◆ **RECORDED DATA**:

((

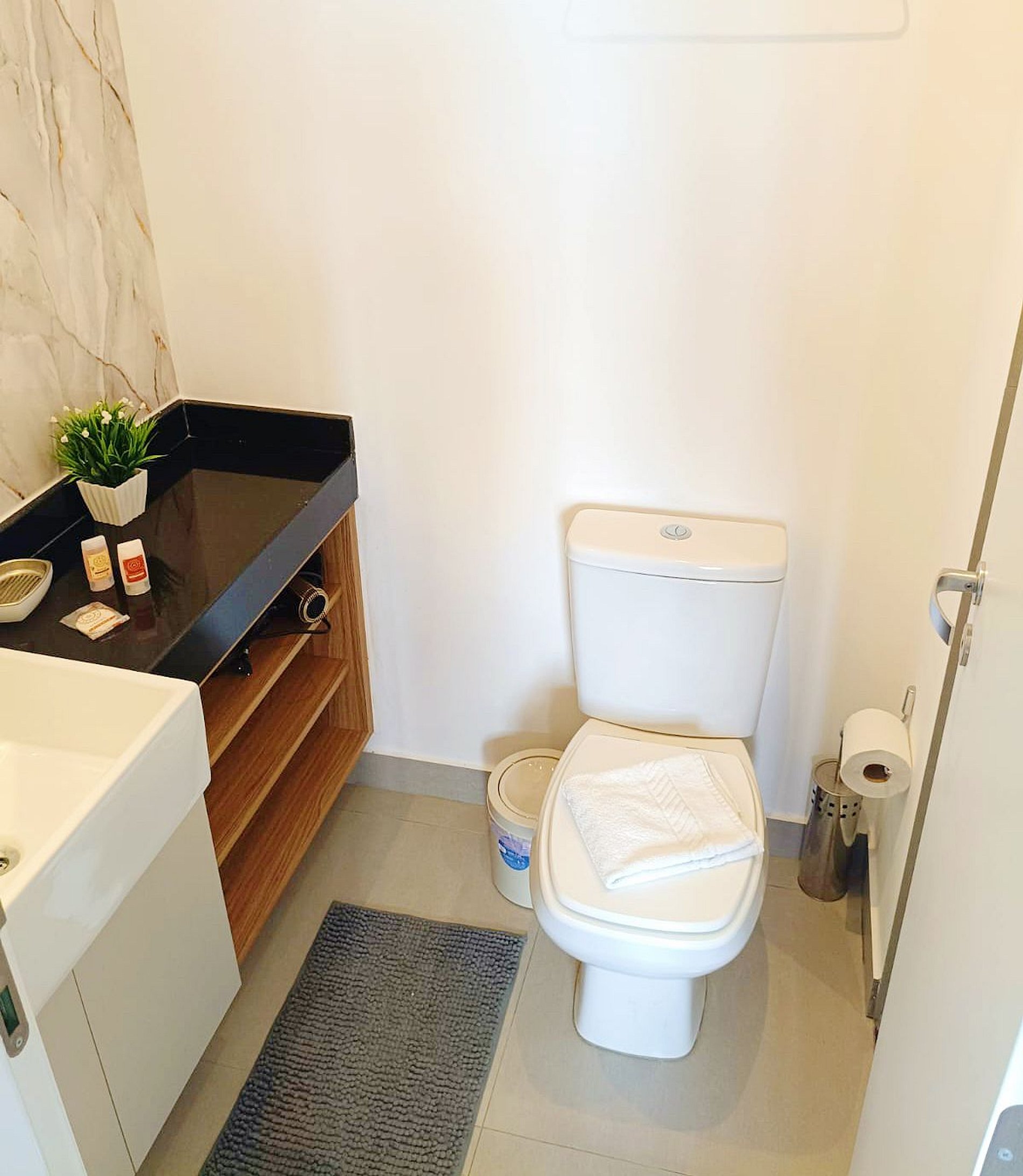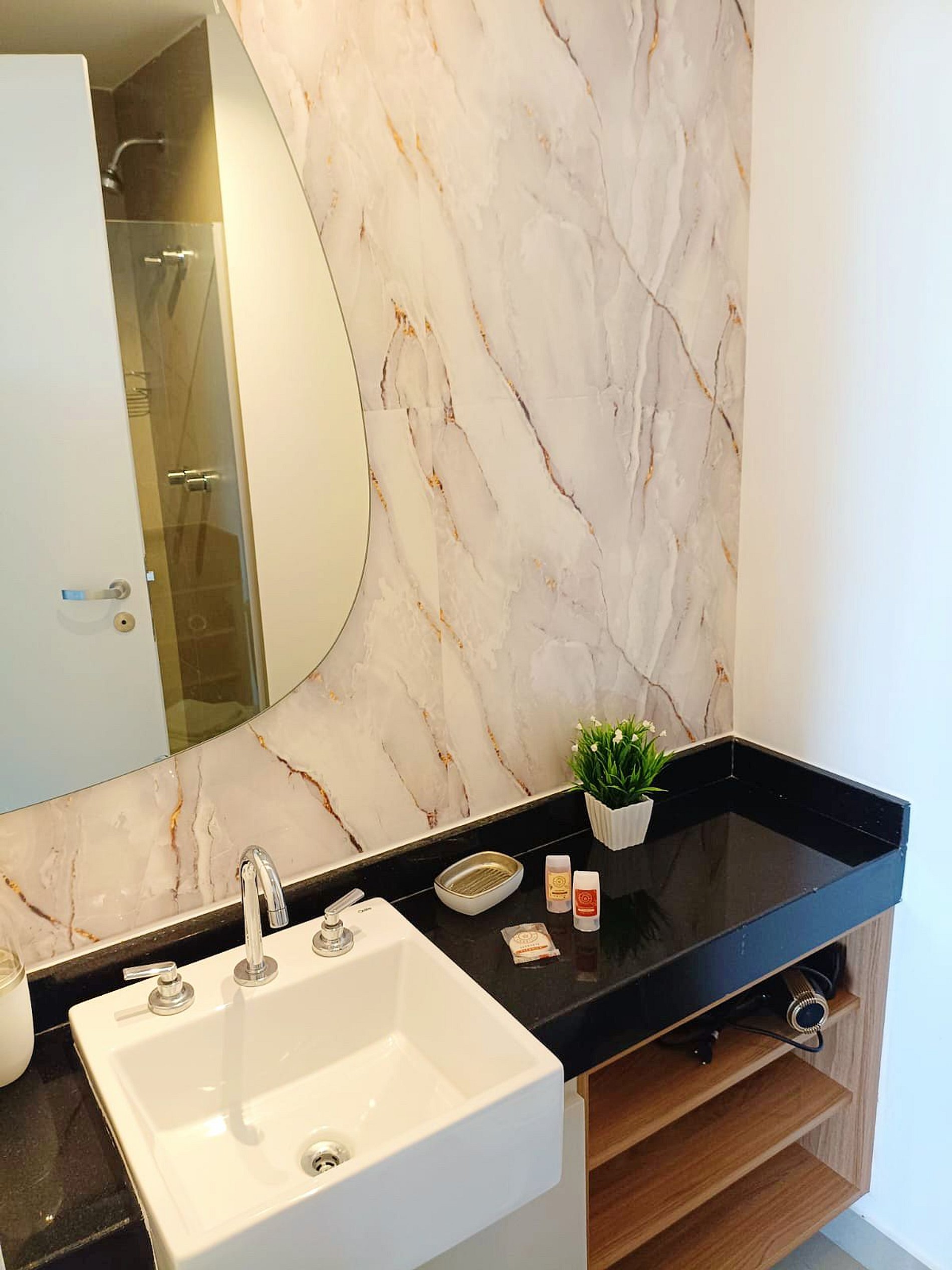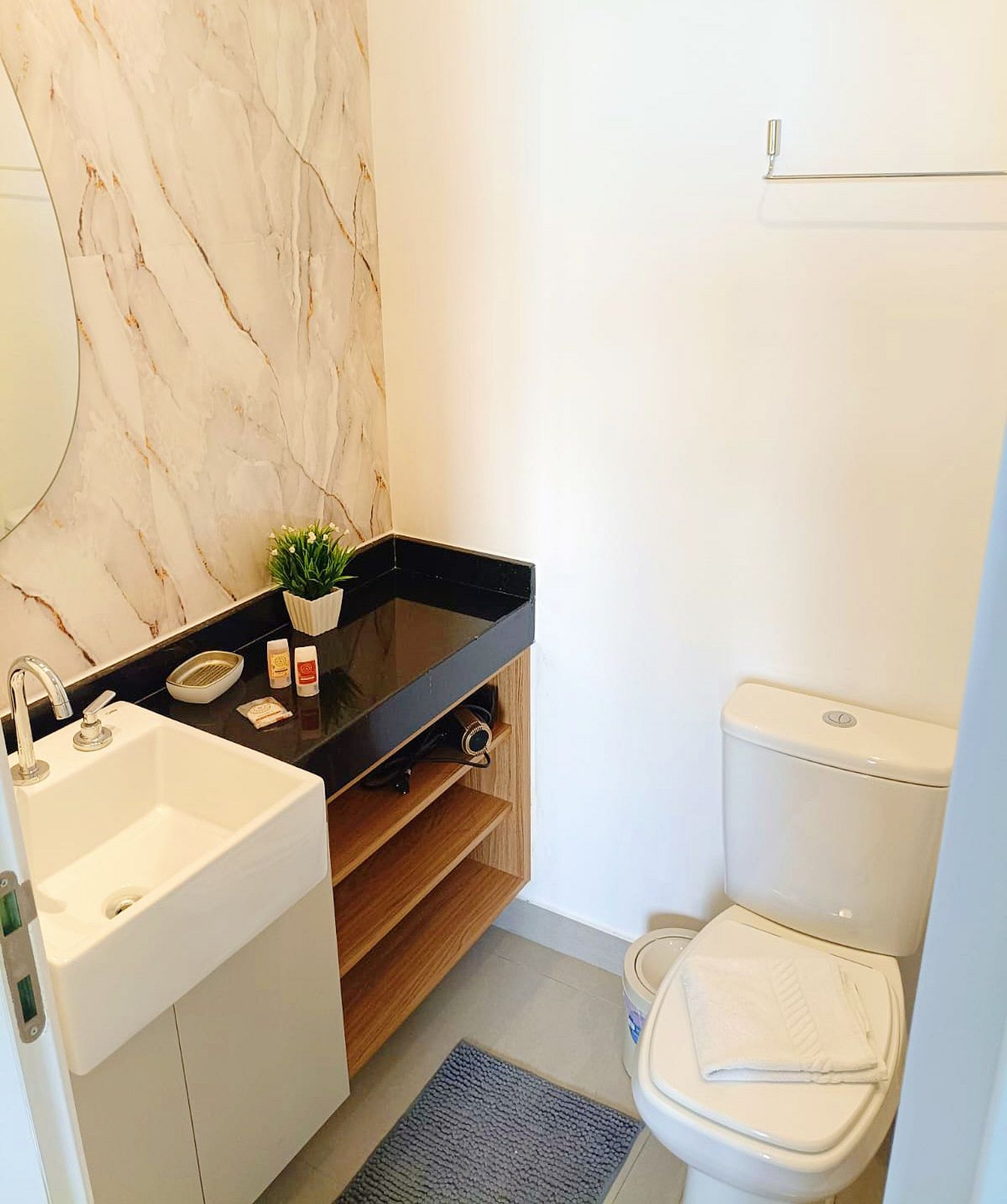 • Banheiro: Design sofisticado e ducha com sistema de alta pressão.
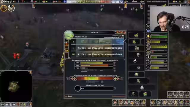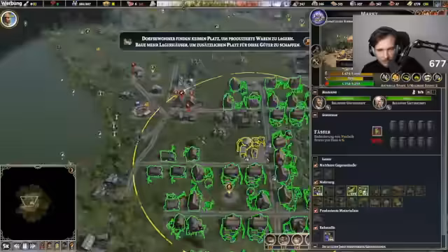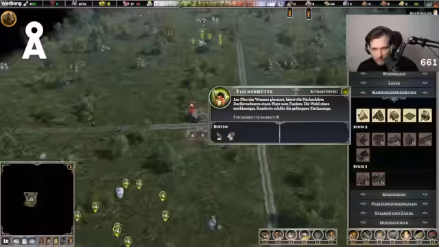 01:13:16Der Stream konzentriert sich auf den Aufbau einer Siedlung im Spiel Farthest Frontier. Zunächst werden grundlegende Strukturen wie ein Stapelplatz, eine Sägegrube und ein Lagerhaus errichtet, um Ressourcen wie Holz und Bretter zu verwalten. Parallel wird die Nahrungsproduktion durch die Einrichtung eines Rübenkellers und die Beschäftigung eines Sammlers gesichert. Die Planung erfolgt strategisch, um Reichweiten der Gebäude optimal zu nutzen und die Versorgung der Bevölkerung sicherzustellen.
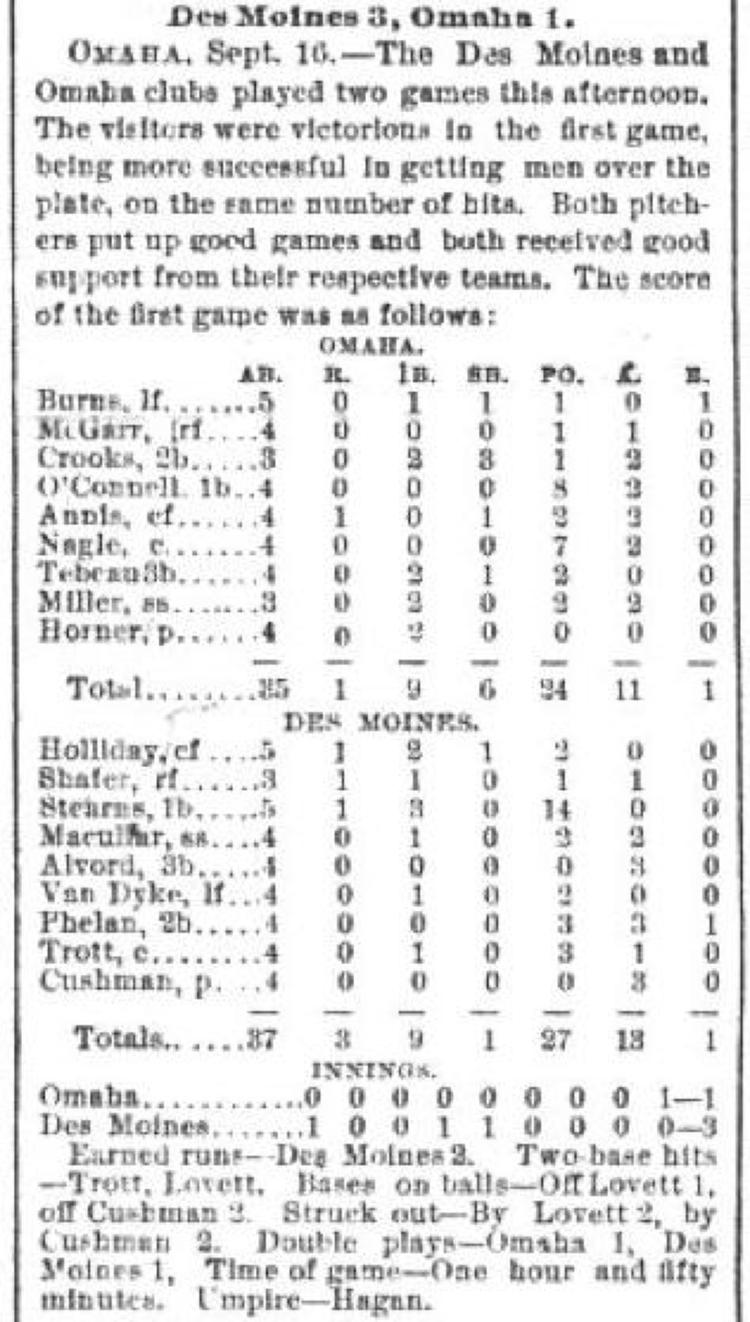 Des Moines 3, Omaha 1 |

))

◆ **PROBLEM REQUIREMENTS**:
Extract the full listing above verbatim; pictures are to be left out of the copy.

◆ **RESULT FOR THIS TASK**:
 • Banheiro: Design sofisticado e ducha com sistema de alta pressão.
 01:13:16Der Stream konzentriert sich auf den Aufbau einer Siedlung im Spiel Farthest Frontier. Zunächst werden grundlegende Strukturen wie ein Stapelplatz, eine Sägegrube und ein Lagerhaus errichtet, um Ressourcen wie Holz und Bretter zu verwalten. Parallel wird die Nahrungsproduktion durch die Einrichtung eines Rübenkellers und die Beschäftigung eines Sammlers gesichert. Die Planung erfolgt strategisch, um Reichweiten der Gebäude optimal zu nutzen und die Versorgung der Bevölkerung sicherzustellen.
 Des Moines 3, Omaha 1 |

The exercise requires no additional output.